It is therefore object of the present invention a method for determining the presence of a ligand in solution, its quantity, concentration, binding affinity, kinetic constants of association and/or dissociation of the ligand itself with its receptor, using measurements of intensity of reflected light, comprising the following steps:
a) prepare a substrate of a solid crystalline or amorphous material with a smooth planar surface covered by one or more dielectric layers of thickness comprised between 50 nm and 500 nm, so that the reflectivity of that surface, in contact with an aqueous solution is less than 0.01%;
b) immobilize the receptor molecules on said surface;
c) bring into contact said surface coated by receptor molecules with the solution containing the ligand;
d) measure the intensity of light reflected from the interface between the solution and the surface coated by receptor molecules as a function of time, converting the intensity values of reflected light in mass per unit area of ligand molecules interacting with the immobilized receptors using the Fresnel formulas.
Preferably, the substrate of solid material and said dielectric layers have refractive index, respectively, between 1.4 and 1.7 and between 1.35 and 1.65. In addition, the substrate is preferably made of siliceous glass.
In a realization, the value of intensity of reflected light or the value of mass per unit area of ligand molecules interacting with the immobilized receptors, as measured in step d), are converted into total amount or concentration of ligand molecules present in solution.

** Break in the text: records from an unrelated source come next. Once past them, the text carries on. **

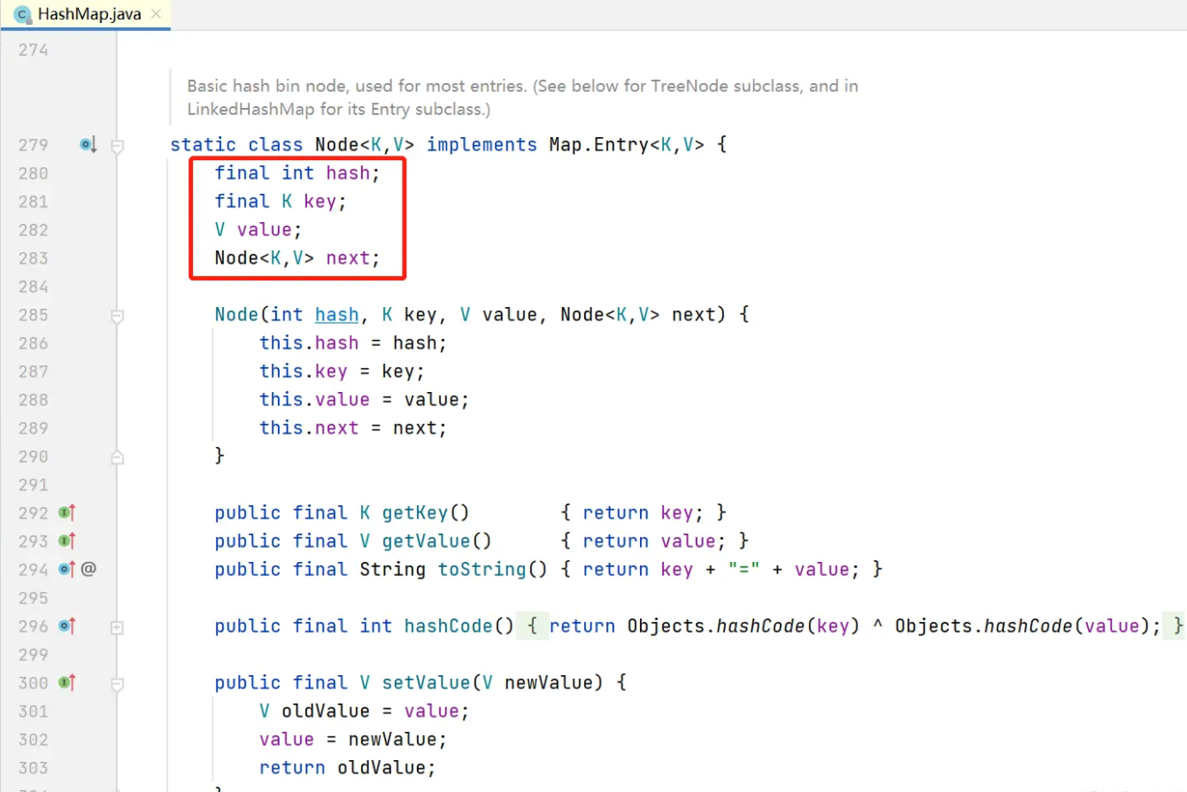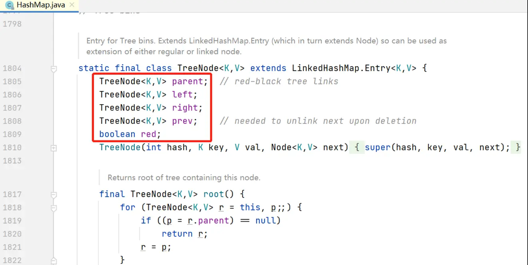 而这个 TreeNode 就是咱们这个红黑树,你看里面,还有 boolean 类型是否为红节点,
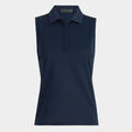 PLEATED COLLAR TECH PIQUÉ SLEEVELESS POLO
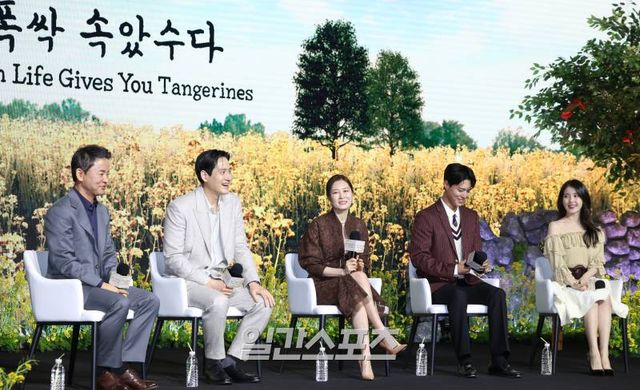 아이유 역시 “우리 영화 영제가 ‘When Life Gives You Tangerines’다. ‘폭싹 속았수다’는 인생이 얼마나 떫은 귤을 주든 그걸로 귤청 만들어서 따뜻한 귤차를 만들어 주는 드라마”라며 “바쁘신 와중 따뜻한 귤차를 드시면서 인생을 차분하게 바라보는 시간을 가졌으면 한다”고 덧붙였다.
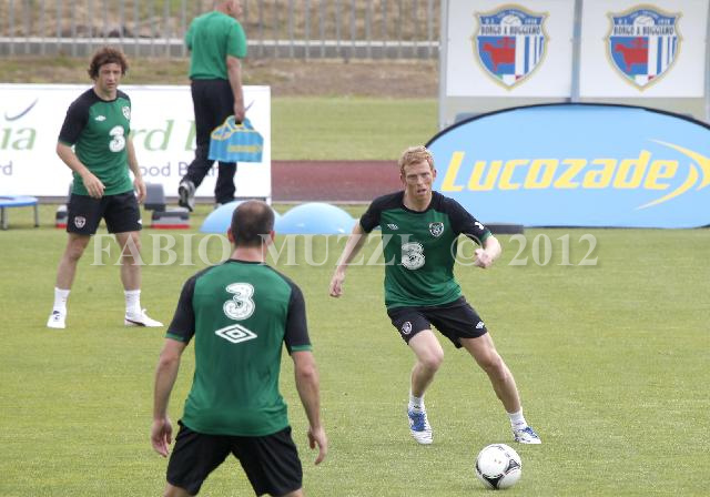 | ITALY, Borgo a Buggiano : Republic of Ireland's player Paul Green (C) runs the ball during a training session at Benedetti Stadium of Borgo a Buggiano, in Pistoia, on May 28, 2012. AFP PHOTO/ FABIO MUZZI | IMAGE_4717.JPG | 01/06/12 10.59 | |
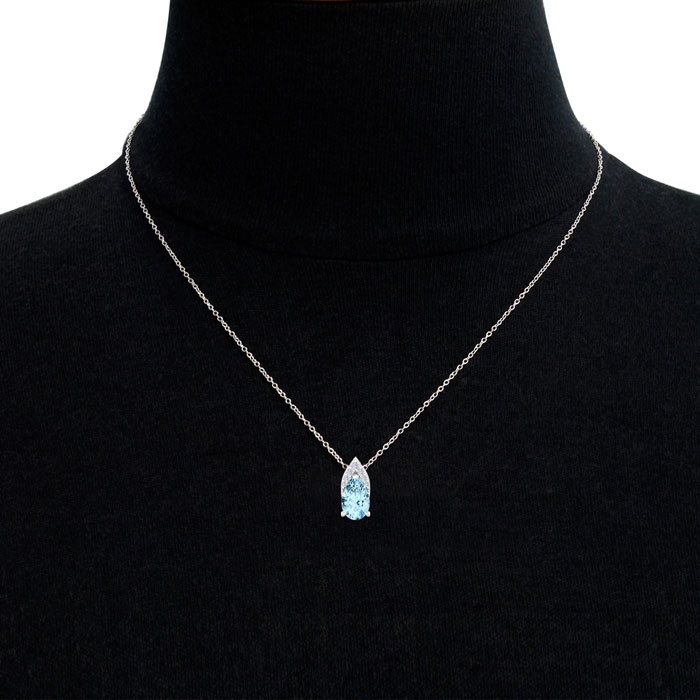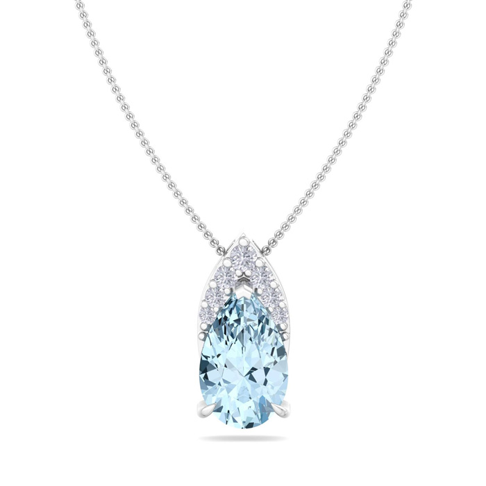 7/8 Carat Pear Shape Aquamarine and Diamond Necklace In 14 Karat White Gold, 18 Inches
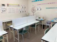 席と席の間隔をとり、机にはパーティションを立てています。
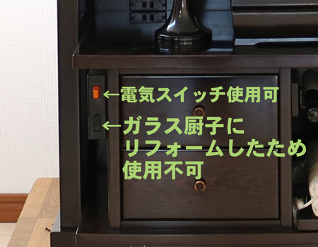 ・電気をつけるスイッチ部分に、以前使用していた電動のスイッチが一緒についておりますが、
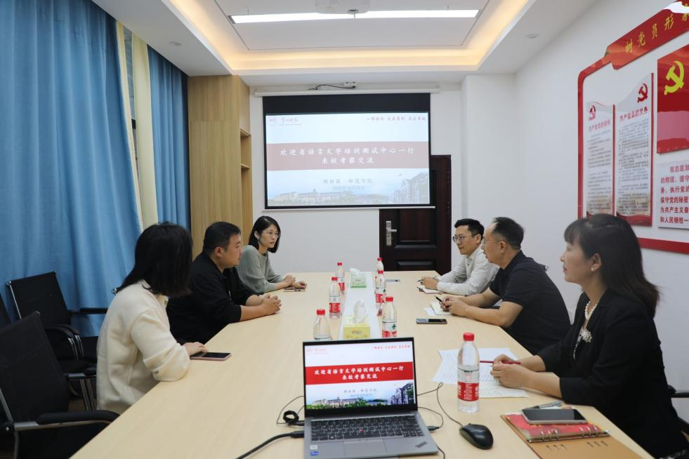 语言是交流的工具,文字是语言的载体,语言文字在整个社会生活中对于人们的交往、文化的传播都起着非常重要的影响。省语言文字测试中心办公室主任王建枫阐述了湖南一师是优质的语言文字推广基地,与一师早前就有着良好的合作基础,一师的许多老师参与授课测试等工作。湖南一师与省语言文字培训测试中心已经在团队方面深度融合。此行的目的是在“语言资源保护”“培训测试”等项目上与公司洽谈沟通,考察公司的培训教室、学员食宿条件。
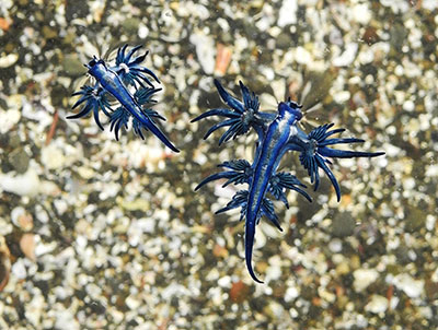 このとき、カツオノカンムリと一緒に海岸にやってきたのが英語名で「ブルードラゴン=青い龍」と呼ばれるアオミノウミウシでした。当博物館の付属天神島臨海自然教育園でも、5月初旬~中旬にかけて何度かアオミノウミウシの漂着が確認され、来園者からも注目されました。
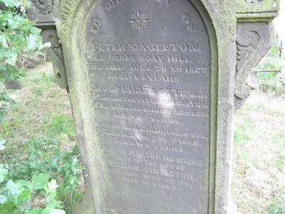 Grave E35 SINGLETON In Memory of Peter Singleton of Scape Goat Hill who died July 30th 1873 aged 69 years Also of Charlotte wife of the above Peter Singleton who died February 22nd 1891 aged 86 years Also of William Singleton their son who died Oct 15th 1892 aged 49 years Also of Martha the beloved wife of the above William Singleton who died Sept 1st 1911 aged 66 years
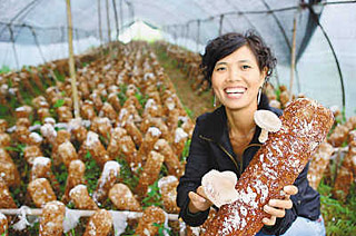 四川省華鎣市高興鎮(zhèn)高興村的農(nóng)民王偉,正喜滋滋地展示她在流轉(zhuǎn)租賃的土地上培植的食用菌。CFP 供圖
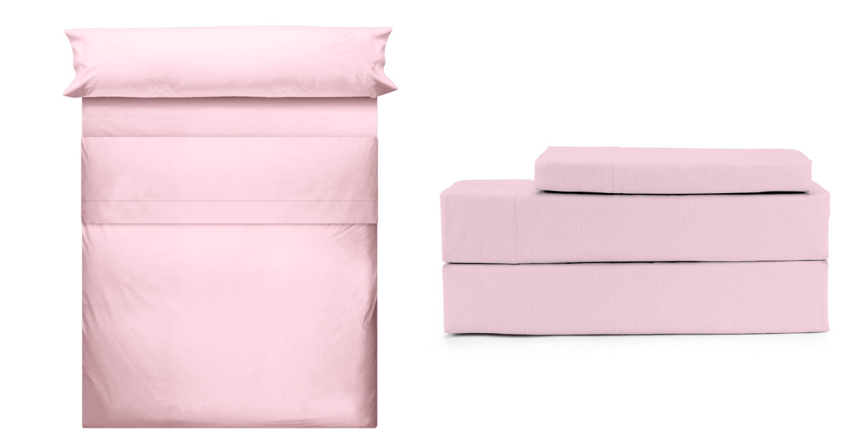 Juego de sábanas 100% algodón peinado de 200 Hilos y tacto suave. 3 piezas (1 Encimera + 1 bajera + 1 funda Almohada) y 4 piezas (1 Encimera + 1 bajera + 1 funda Almohada)

In a further implementation, the value of the intensity of reflected light or the value of mass per unit area of ligand molecules interacting with the immobilized receptors, as measured in step d), are converted into the affinity constant of ligand-receptor couple.
In a further implementation, the values of the intensity of reflected light as a function of time measured in step d) are converted into the kinetic constants of association and/or dissociation of ligand-receptor couple.

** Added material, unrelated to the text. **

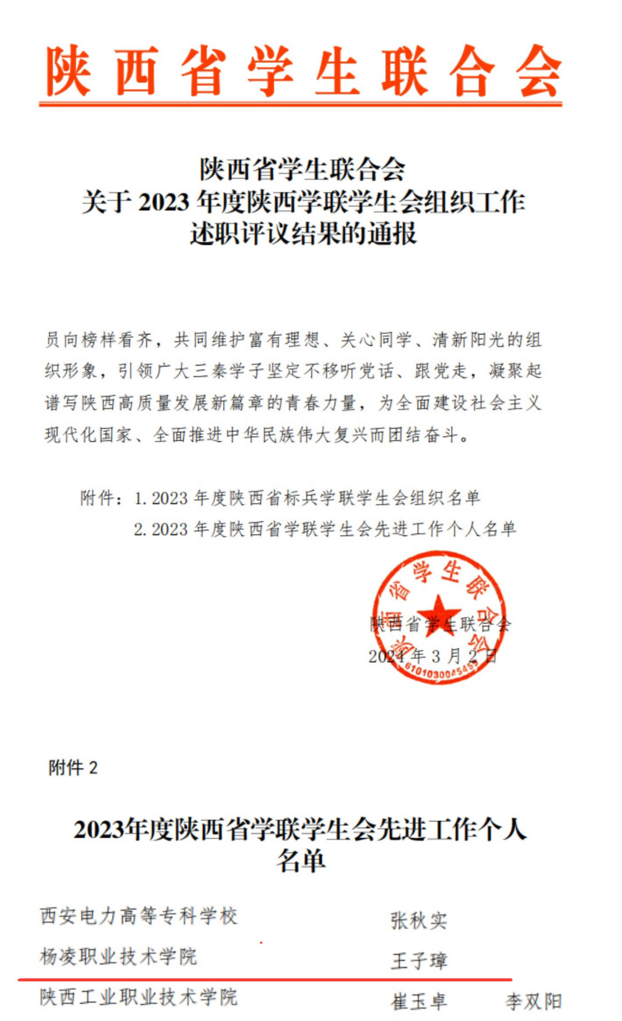 近日,团省委、省学联分别公布了2023年度陕西高校共青团工作和学生会工作考核结果,浦京荣获2023年度陕西高校共青团促进大学生创新创业先进单位,副校长张朝晖获2023年度“陕西高校支持共青团工作好书记(校长)”荣誉称号,校团委腊文洁获2023年度“陕西高校共青团工作先进个人”荣誉称号。浦京第六届学生会执行主席王子璋同学被评为陕西省学联学生会先进工作个人。
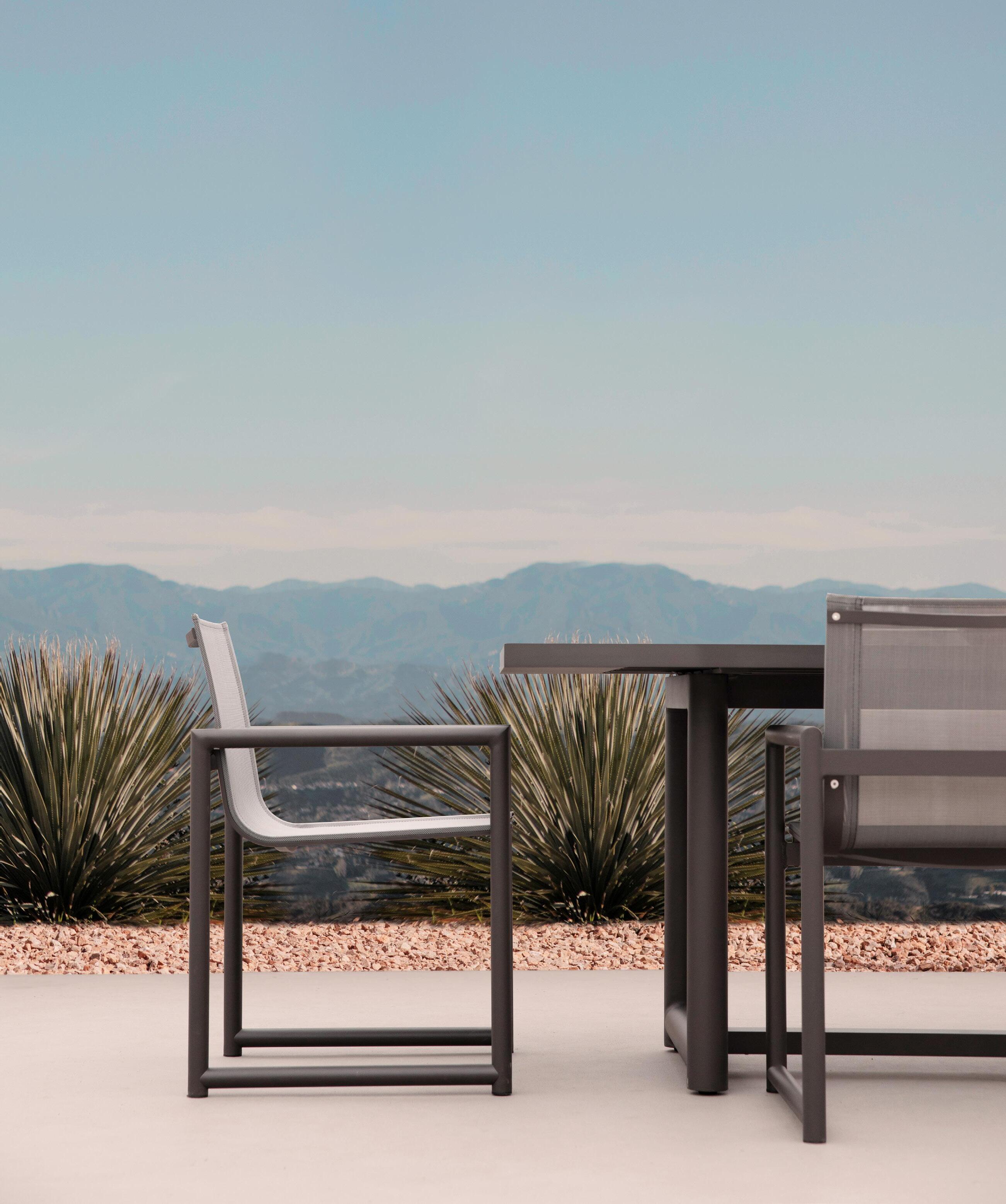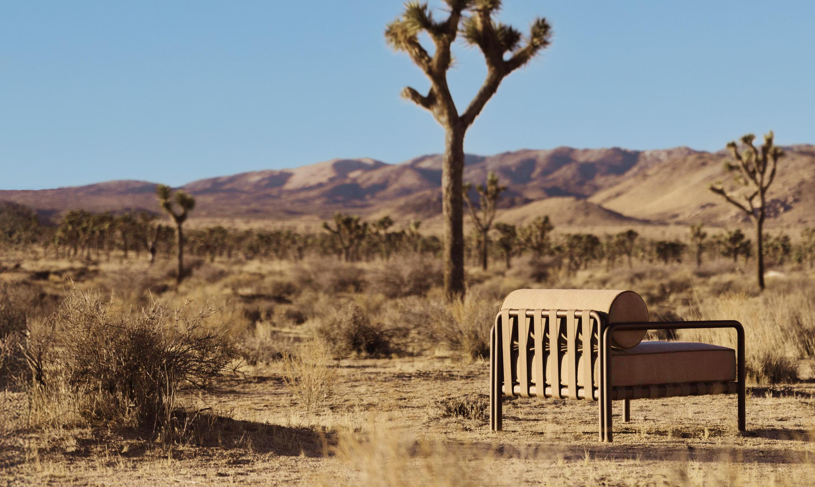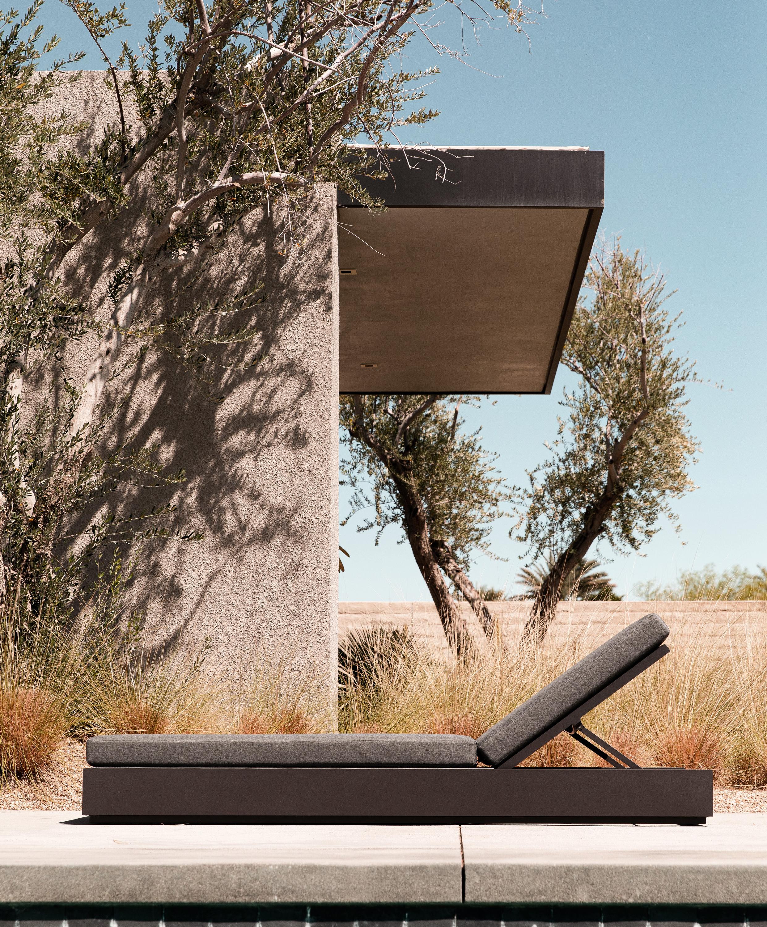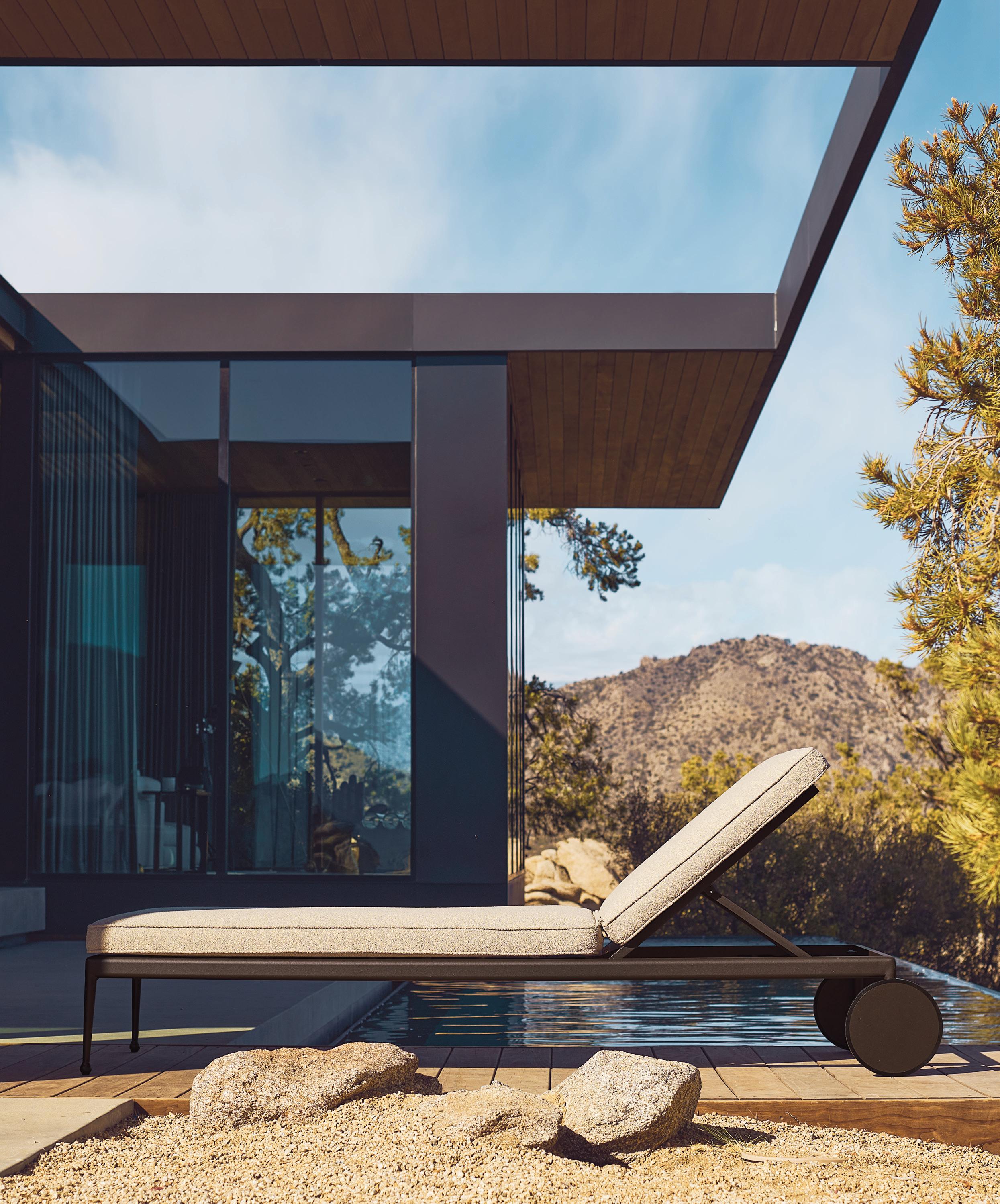 Retro-modern luxury inspired by the iconic style of 1950s Palm Springs. Tubular bronze aluminum, thick strapping and refined piping e ortlessly update mid-century charm with contemporary sophistication for any outdoor space.

In a further implementation, the low reflectivity surface obtained through the steps a) and b) is divided into different regions, possibly arranged in a matrix. In different regions different receptors are adsorbed or immobilized and the intensity of the light reflected from different regions is measured simultaneously through an imaging system.

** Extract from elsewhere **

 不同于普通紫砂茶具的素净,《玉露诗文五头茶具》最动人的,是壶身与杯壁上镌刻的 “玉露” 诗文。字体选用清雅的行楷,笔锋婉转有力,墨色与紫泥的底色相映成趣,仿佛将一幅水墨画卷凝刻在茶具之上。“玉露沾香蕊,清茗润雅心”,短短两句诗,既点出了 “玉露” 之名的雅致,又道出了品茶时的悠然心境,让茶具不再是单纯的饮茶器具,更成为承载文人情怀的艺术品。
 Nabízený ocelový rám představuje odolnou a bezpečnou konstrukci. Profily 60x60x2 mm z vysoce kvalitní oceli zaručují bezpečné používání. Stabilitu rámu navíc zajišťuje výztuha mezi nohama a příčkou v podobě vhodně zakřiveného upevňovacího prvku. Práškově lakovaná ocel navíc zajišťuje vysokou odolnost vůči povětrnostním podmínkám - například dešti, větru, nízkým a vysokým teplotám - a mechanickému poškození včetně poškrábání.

On the surface coated by receptors other molecules (spacers) that have no function of the receptor can be immobilized. In addition, the low-reflective surface may be included either in a cell for measurements in the absence of flow in a flow cell, or in an immersion probe.
According to the present invention, the receptors and ligands are selected from proteins, peptides, nucleic acids, glycoproteins, carbohydrates, hormones, lipids, cells, or cellular components, viruses or molecules of pharmacological interest. Receptors can be immobilized on the surface through:
chemical bonding;
adsorption;
adsorption on molecules or polymers in turn immobilized on the surface;
electromagnetic radiation;
plasma treatment.
The solution containing the ligands and brought into contact with the surface of the material may be an aqueous solution or it can contain organic solvents, possibly mixed with water.
The angle of incidence, the polarization, the angular divergence and the spectral properties of the incident light are selected in order to optimize the ratio between the reflected light signal in the presence of receptor-ligand interaction and the background noise due to spurious reflection and scattering.
Another aspect of the invention concerns a device for the implementation of the method described here, which includes at least one cell apt to contain the solution with the ligand and to make the ligand-receptor reaction take place, means allowing the flow of the solution respectively to and from the cell, a source and a light detector equipped with means for measuring the intensity of light emitted respectively incident and reflected, and possibly one or more mirrors, lenses and apertures.
In a preferred embodiment, the light source is an LED light source and said detector is a CCD (Charged Coupled Device) or CMOS (Complementary Metal-Oxide Semiconductor).
Through the method of the invention, measuring the intensity of the reflected light it is possible to determine the total mass of the molecules present at the interface with the solution, as described in the following.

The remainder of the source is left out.